I have a simple plan to stop my motor without using up a I/O on my prop 2. I will have parallel wires runing to the motor. One wire will have a rocker switch that will break the circuit once the motor reaches a certain point. The other wire will have a diode that will allow me to reverse the direction of the motor, even though the breaker switch is still open. My question is, assuming a 12V DC motor runing on .1 amps, what would be the best diode to use? I've never worked with diodes and the choices are staggering. I could just pick one but I thought I should ask the experts.


----------



## Dr Morbius (Sep 21, 2004)

I dont think diodes reverse direction, in fact I'm sure of it. Is it conjunction with another circuit? Diodes only allow DC current to flow one way but not the other.


----------



## GOT (Apr 17, 2007)

I will use a prop 2 signal and a H-bar chip to reverse the direction. I need the diode to stop the flow of electrons to the motor until the prop 2 gives the signal to reverse direction.


----------



## gmacted (Jan 18, 2006)

It may be very clear to you, but not to anyone else. How about a rough diagram of the setup to make it clearer.


----------



## GOT (Apr 17, 2007)

Here you go. Hope this makes more sence.


----------



## The_Caretaker (Mar 6, 2007)

You would be better off using a couple of the inputs on the prop to read the switches and then just control the h-bridge based on which input has been triggered


----------



## gmacted (Jan 18, 2006)

GOT said:


> Here you go. Hope this makes more sence.

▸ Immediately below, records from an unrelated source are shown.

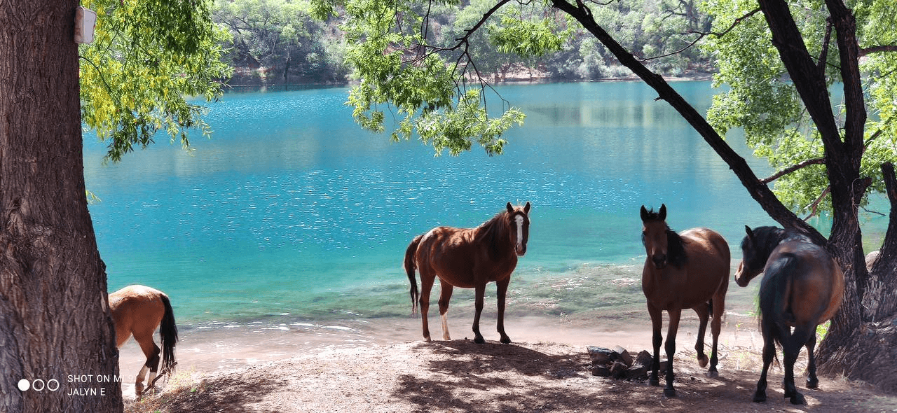 Early morning trek to the lake, with options for horseback riding or hiking.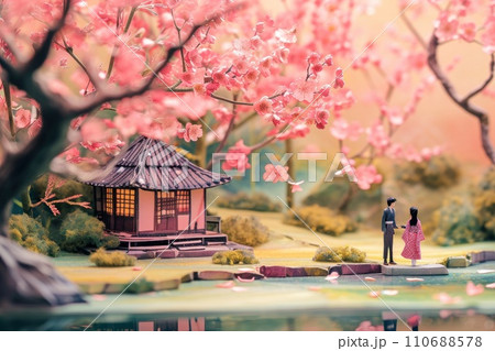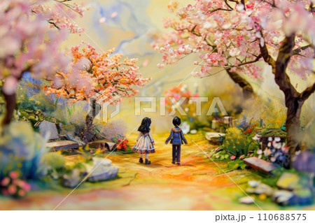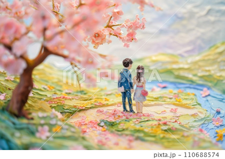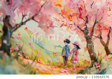 Cute watercolor paint of love couple on a date in spring.
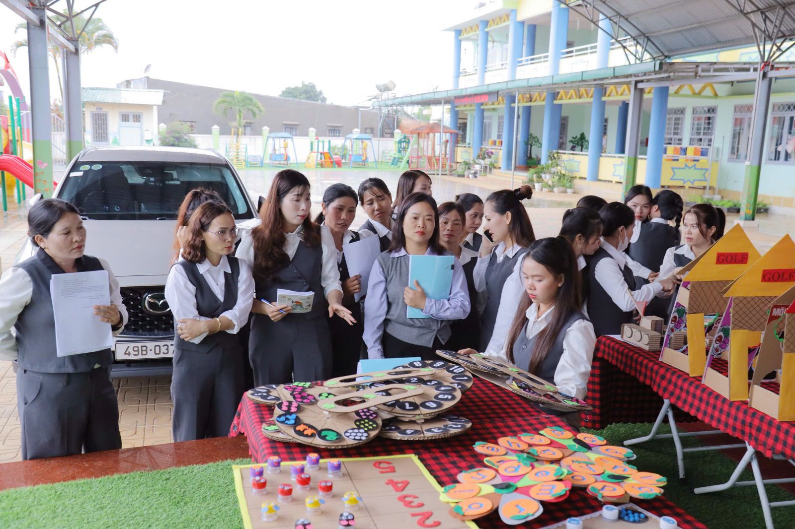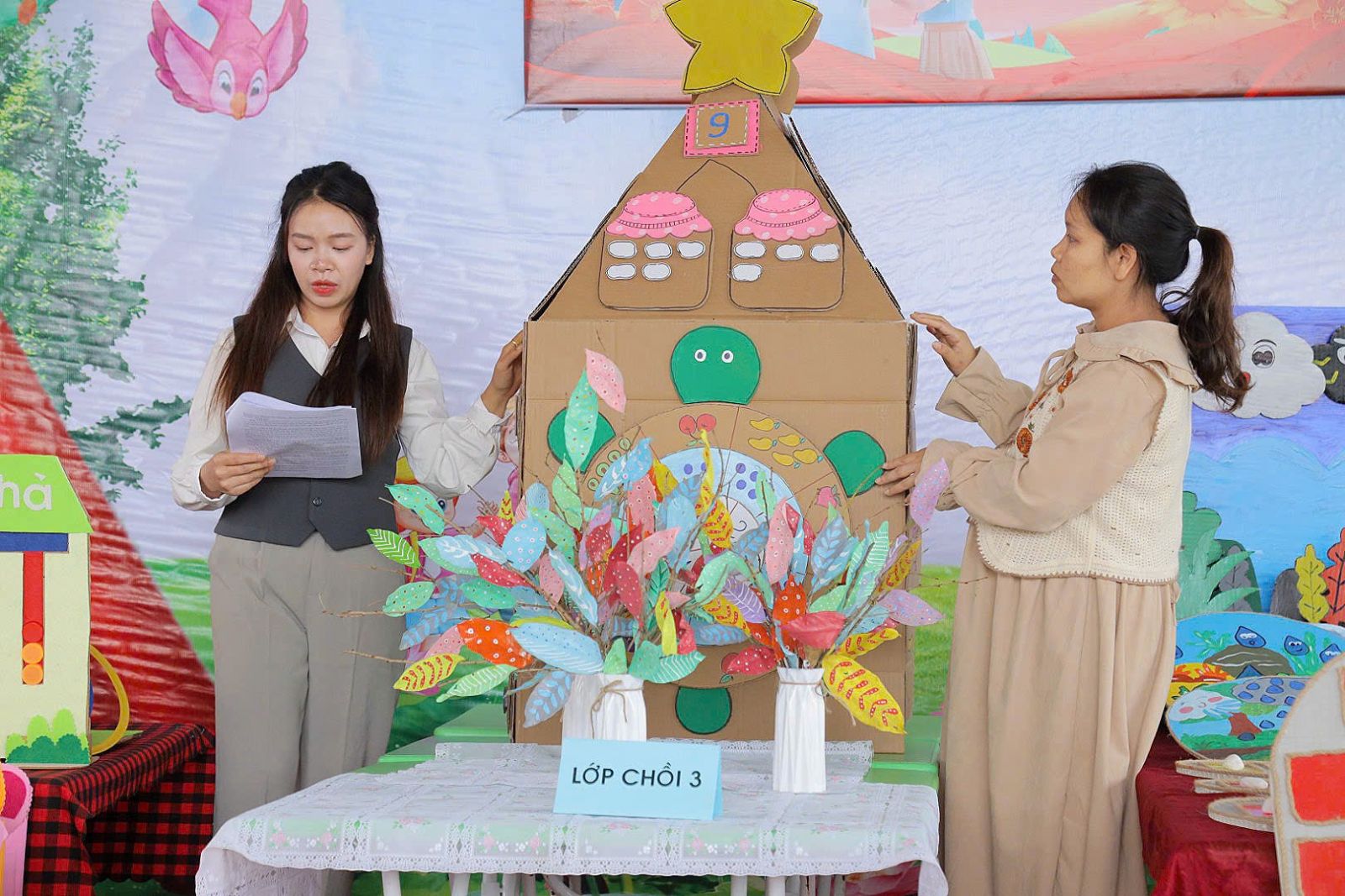 Để có được các bộ đồ dùng – đồ chơi hoàn chỉnh và chất lượng, nhiều giáo viên đã dành hàng giờ sau buổi dạy để mày mò, cắt dán, phối màu, thử nghiệm các chi tiết sao cho an toàn – thẩm mỹ – bền – phù hợp với trẻ. Việc tận dụng những vật liệu quen thuộc như chai nhựa, vỏ hộp, xốp, lá cây khô, gỗ, giấy bìa cattong… không chỉ giúp tiết kiệm mà còn mang ý nghĩa giáo dục về bảo vệ môi trường, giảm thiểu rác thải trong trường học.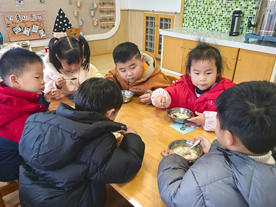 “搓一搓,揉一揉,小小汤圆圆溜溜”。小班的孩子们化身“小小美食家”,在老师的悉心指导下,认真学习搓、揉、捏面团的技巧。糯软的糯米团在一双双小手中几经翻转,很快就变成了一颗颗憨态可掬的汤圆,整齐地码放在竹匾中。待水烧开,老师将汤圆下锅,再加入打散的蛋液与枸杞同煮,一碗碗香甜软糯的汤圆便新鲜出炉。孩子们不仅体验了动手制作的乐趣,更在分享美食的过程中,体会到冬至吃汤圆寓意团圆的温暖氛围,甜蜜的滋味在舌尖萦绕,也在心底留存。
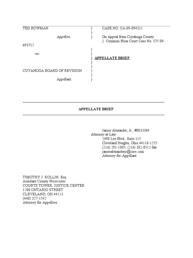 Appellate Brief Brief (Law) Real Estate Appraisal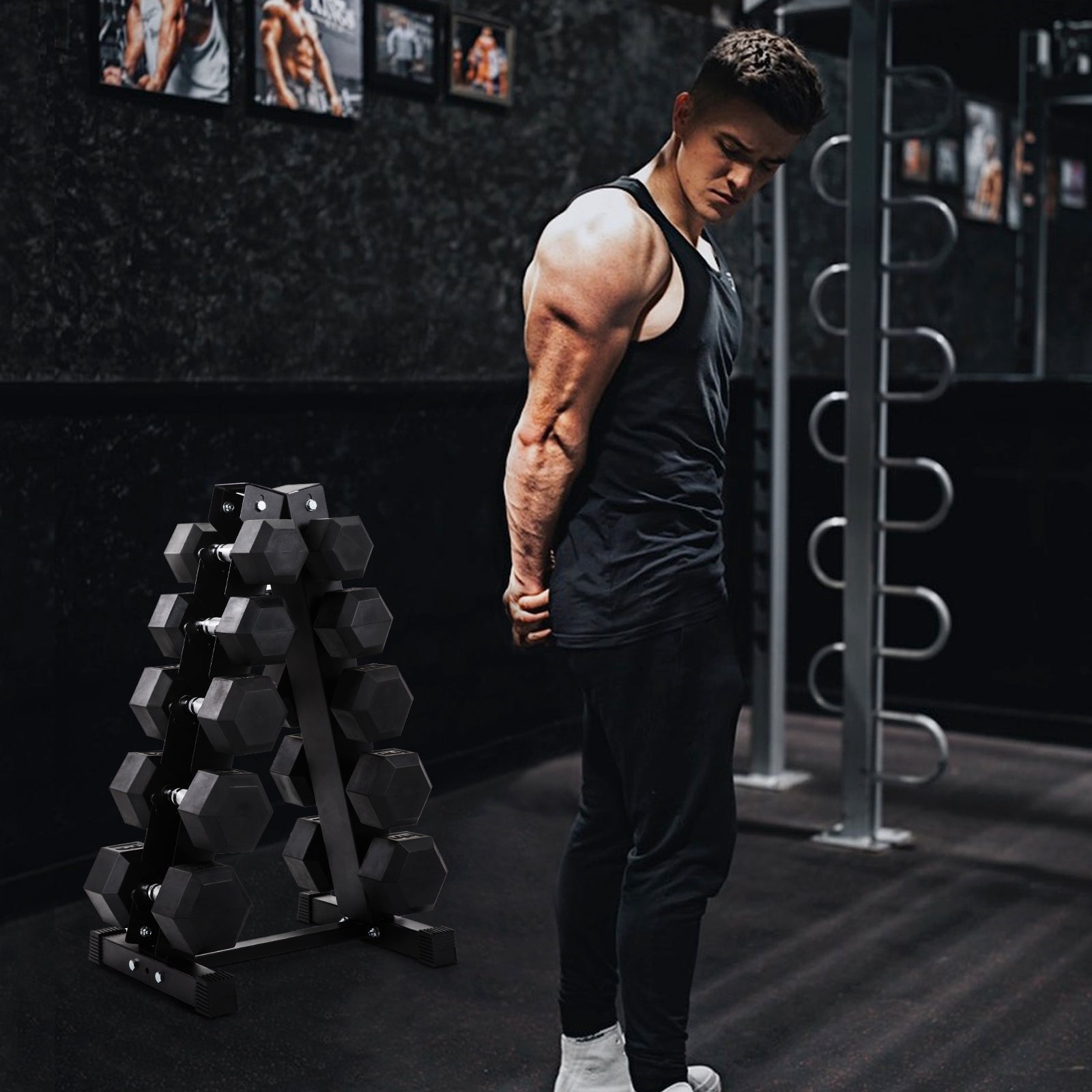 - ¡¾SPACE SAVING¡¿ A- frame design, Product dimensions are 21.5" L x 16.25" W x 34.5" H. Rack weighs 20.2 lbs, easy to take and storage of dumbbells, suitable for gym, home and office.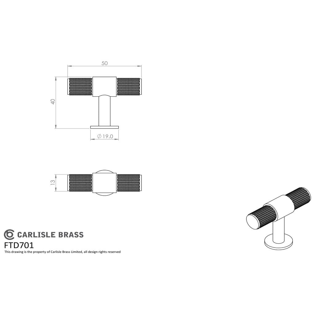 Carlisle Brass - Knurled T-bar Knob 50mm - Satin Nickel - FTD701SN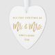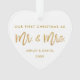 Modernes Goldbürsten-Skript unser erstes Weihnachten als Herr und Frau White und Goldherz-Verzierung - Foto-Rückseite
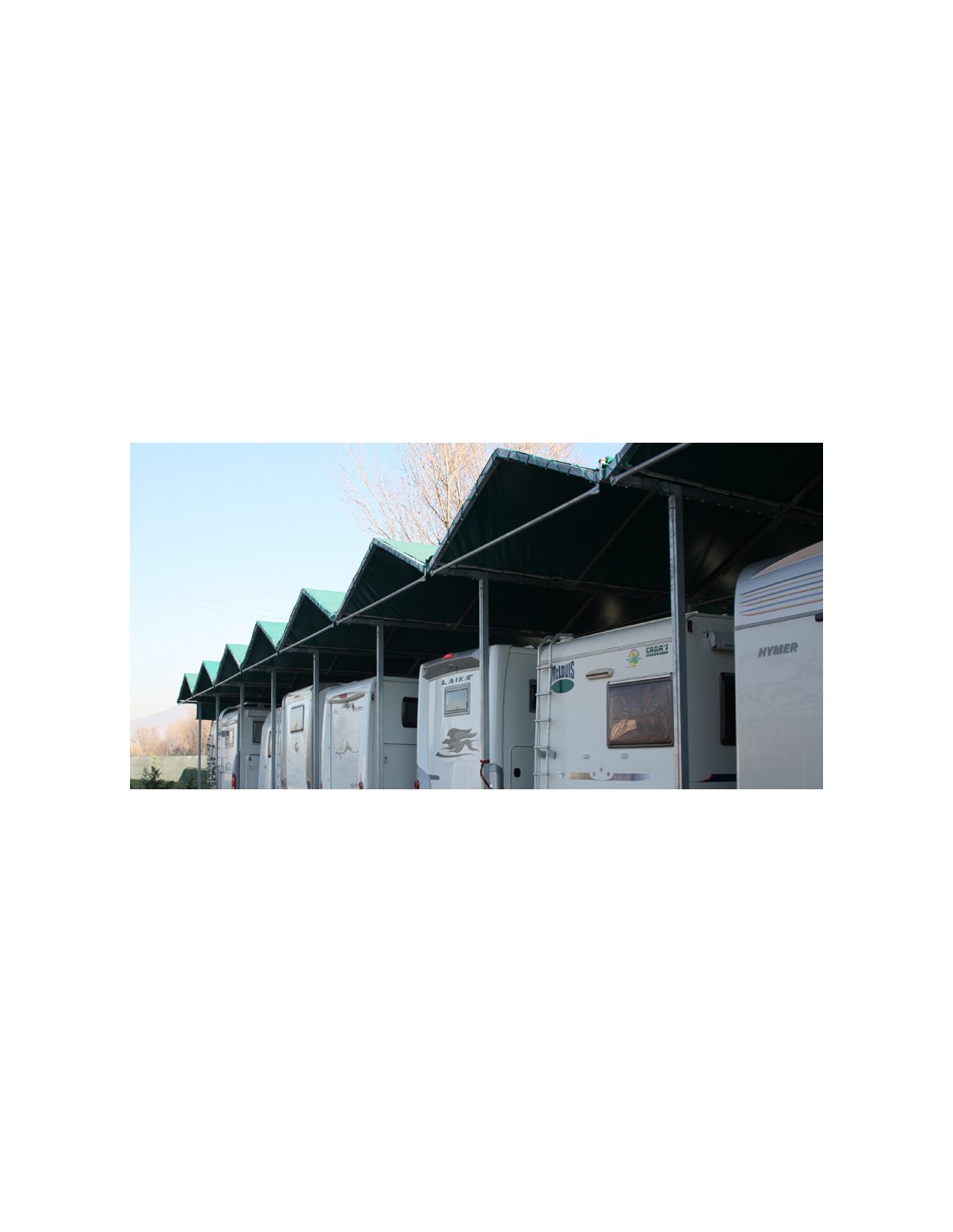 Il modello di rimessaggio e copertura per camper è realizzato appositamente per il ricovero dei camper o dei furgoni. È caratterizzato da un rinforzo lungo la profondità e sul tetto ed è presente anche una paleria supplementare. Il materiale di costruzione è l'acciaio zincato in tubolari e il telo di copertura può essere in polietilene o in PVC, a seconda delle esigenze. Come optional sono presenti le chiusure anteriori o posteriori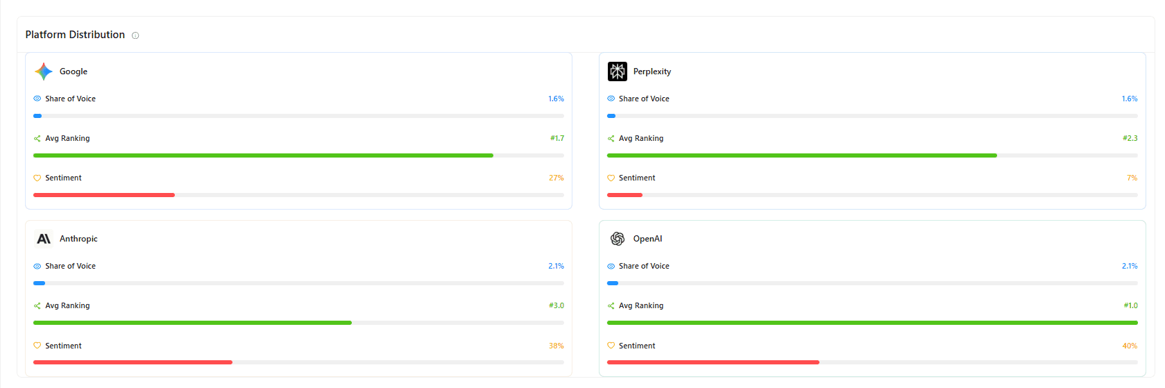 One enterprise SaaS company discovered that while their share of voice was growing, 68% of their mentions occurred in negative contexts related to a product issue from three years ago. Without sentiment monitoring, they would have celebrated increased visibility while their brand reputation deteriorated across AI platforms.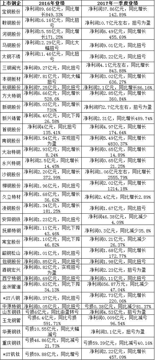截至5月10日,34家上市鋼企皆已發(fā)布2016年年報。其中,15家大幅扭虧,10家盈利增長超8%以上;4家盈利有所下降,另5家虧損。2016年寶鋼股份凈利潤為89.66億元位居第一,鞍鋼以16.16億元排名第二,河鋼股份15.55億元排名第三。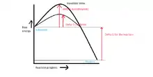 The enzyme function and catalysis result from the ability to stabilize the transition state in a chemical reaction. The transition state is the highest energy species in a reaction. It is a transitory molecular structure that is no longer the substrate but is not yet the product. It is the most seldom occupied species along the reaction pathway. The difference in free energy between the transition state and the substrate is called the Gibbs free energy of activation or simply the activation energy.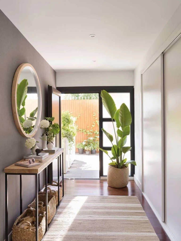 Fotos familiares, jarrones con flores frescas o plantas de moda, canastos de fibras naturales. Sumá en tu recibidor algún accesorio que le de a este pequeño espacio toda la personalidad.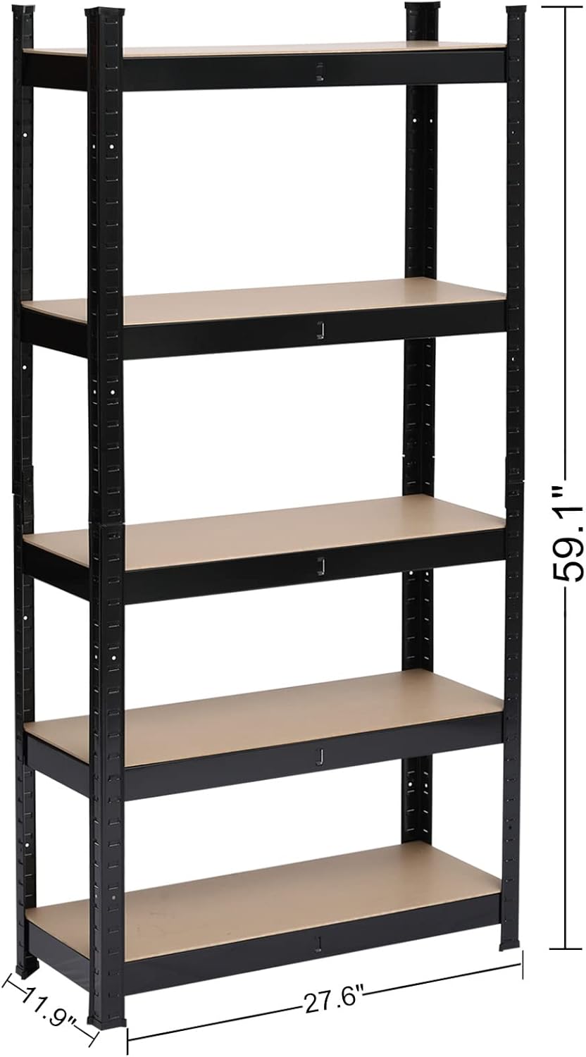 | Model Name | 5-Tier Heavy Duty Metal Shelving Rack Unit Garage Storage Shelf Black - 11.9" L x 27.6" W x 59.1" H - 150lb Load Per Shelf |

I'm really trying here, but I just can't see it.

Do you have the part number for the h-bridge you are going to be using. If so, post it and I'll look at the spec sheet. I know you're trying to only use one prop-2 output. There may be a better/simpler way. I think you're idea is simple, but I'm just not sure it will work. I need to understand it better before I can make a recommendation.

The other thing that concerns me is the current for the motor. It sounds a bit on the low side. What motor are you using and what type of load (weight) will be on it? Motor current ratings are usually with no load. I'm assuming this platform will have some amount of weight which may cause the motor to draw more current.


----------



## GOT (Apr 17, 2007)

The motor is allelectronics cat# DCM-274 "Faulhaber 2342.39054. Quiet powerful little DC motor. Operates effectively 3-30 Vdc. 12 Vdc 70 mA no load rating" with a gearhead to make it 120 rpm. The load will be relatively small. I will be using a "Heavy Duty 12VDC 500ma Adapter" from electronics goldmine to power it. For the H-bar, I will either use one of these:

http://www.mcmanis.com/chuck/robotics/tutorial/h-bridge/bjt-bridge.html

or an L293D chip:

http://www.alliedelec.com/Search/Pr...MPN=L293D&R=2480404&SEARCH=2480404&DESC=L293D

I will try both and see which works best. I know it would be better to use additional ports but I don't got no more ports to use and a precision stop is not an issue here.


----------



## gmacted (Jan 18, 2006)

GOT said:


> The motor is allelectronics cat# DCM-274 "Faulhaber 2342.39054. Quiet powerful little DC motor. Operates effectively 3-30 Vdc. 12 Vdc 70 mA no load rating" with a gearhead to make it 120 rpm. The load will be relatively small. I will be using a "Heavy Duty 12VDC 500ma Adapter" from electronics goldmine to power it. For the H-bar, I will either use one of these:
> 
> http://www.mcmanis.com/chuck/robotics/tutorial/h-bridge/bjt-bridge.html
> 
> ...


To be honest, I can see no way to easily use the H-bridge with only one output. I think your best bet would be to use relays and limit switches. Tommahawk provided a circuit here (post #13) that is simple and will work. The normally open contact could be controlled by one output on the prop-2 to make the motor go forward then reverse.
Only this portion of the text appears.